> **INSTRUCTIONS TO FOLLOW**
Would you reproduce the whole listing exactly, minus its images?

** Opening DATA block **

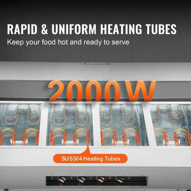 Warmth: Keep your dishes warm and ready to serve with VEVOR 2000W commercial electric food warmer! Featuring independent knob switch and 304 stainless steel heating tubes in each well, our steam table delivers powerful heating for uniform and rapid heat transfer, preserving the hot and delicious flavors of your food for longer.
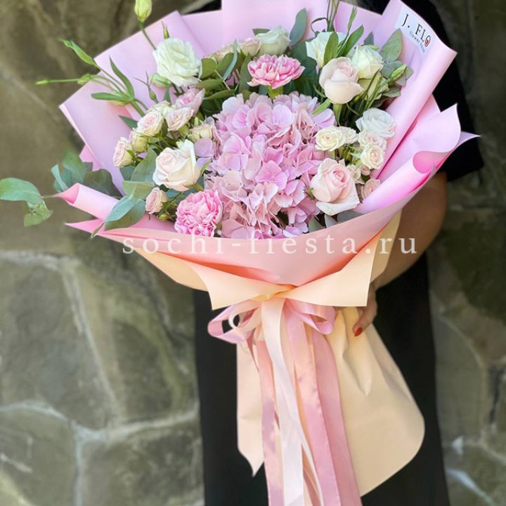 Самые популярные букеты в Новороссийске — это моно-букеты из 25 и 51 розы, шляпные коробки с гипсофилой, композиции с пионами в сезон, свадебные букеты под эскиз, авторские миксы с эвкалиптом и лавандой.
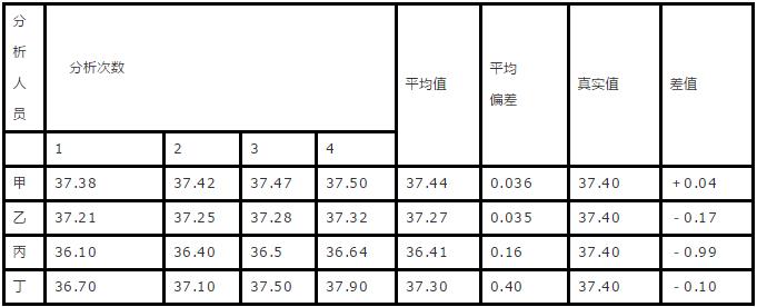由上表看出,甲所得結(jié)果準確度和精密度均好,結(jié)果可靠。乙的精密度雖好,但準確度不太好。丙的精密度與準確度均差。丁的平均值雖接近真實值,但幾個數(shù)據(jù)分散性大,精密度太差,僅是由于大的正負誤差相互抵消才使結(jié)果接近真實值。

** Closing DATA block **

> **TASK ANSWER**
 Warmth: Keep your dishes warm and ready to serve with VEVOR 2000W commercial electric food warmer! Featuring independent knob switch and 304 stainless steel heating tubes in each well, our steam table delivers powerful heating for uniform and rapid heat transfer, preserving the hot and delicious flavors of your food for longer.
 Самые популярные букеты в Новороссийске — это моно-букеты из 25 и 51 розы, шляпные коробки с гипсофилой, композиции с пионами в сезон, свадебные букеты под эскиз, авторские миксы с эвкалиптом и лавандой.
由上表看出,甲所得結(jié)果準確度和精密度均好,結(jié)果可靠。乙的精密度雖好,但準確度不太好。丙的精密度與準確度均差。丁的平均值雖接近真實值,但幾個數(shù)據(jù)分散性大,精密度太差,僅是由于大的正負誤差相互抵消才使結(jié)果接近真實值。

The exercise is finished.